“This shtick was cute for a while, but now it’s getting stale,” complains Mike (Adam DeVine) and Dave’s (Zac Efron) mum as she laments the brothers’ wild behaviour. It’s hard not to agree.

After a promising opening montage, Mike and Dave Need Wedding Dates then proceeds to relentlessly throw everything it thinks might be funny at the audience in the hopes that something will stick. Mixing slapstick humour with a heavy reliance on improvisation from as many wacko characters as possible, this is a 98-minute mess of a summer flick.

Alice (Anna Kendrick) is the most well-rounded lead, and her backstory – being jilted at the altar – pays off in some fairly funny moments where she is ‘triggered’ at the central wedding. This actually gives the audience some connection to the character and makes her more likeable in her attempts to add to the festivities. Tatiana, on the other hand, is the opposite and a waste of Aubrey Plaza’s talents; a two-dimensional ‘party girl’ whose main reason for existing seems to be for Mike and his female cousin Terry to fight over her.

The film meanders through its routine of visual gags and vague pop culture references for an hour or so, before making the last 30 minutes drag horrendously by insisting on shoehorning in an emotional speech for each main character as they ponder whether their sister’s wedding will be saved.
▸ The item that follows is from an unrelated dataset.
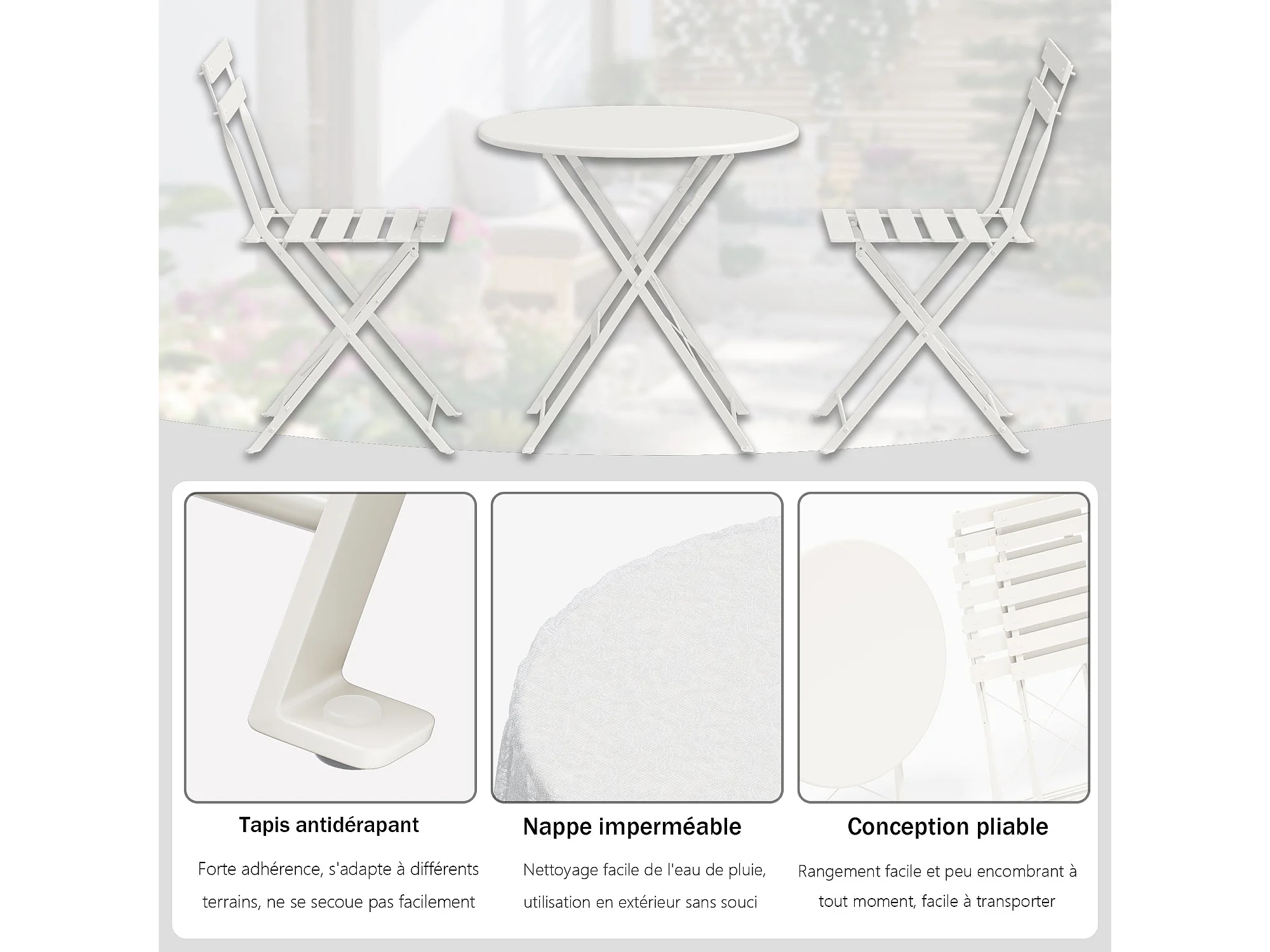 Ensemble de bistro pliable 3 pièces Plastique Blanc

To be honest, you just want them all to go home so that you can too.

Mike and Dave Need Wedding Dates produces some chuckles here and there, but it’s ultimately a tired reshuffling of the structure of greater comedies past, and the material intended to be outrageous feels flat because of it. There’s only so many generic dick jokes the public can take.

RATING: 2/5


INFORMATION

CAST: Zac Efron, Adam DeVine, Aubrey Plaza, Anna Kendrick

DIRECTOR: Jake Szymanski

WRITERS: Andrew Jay Cohen, Brendan O’Brien

SYNOPSIS: Wild and frequent family-gathering-ruiners Mike and Dave are duped into taking the equally-wild Alice and Tatiana to their sister’s wedding in Hawaii under the guise that they are nice, respectable girls.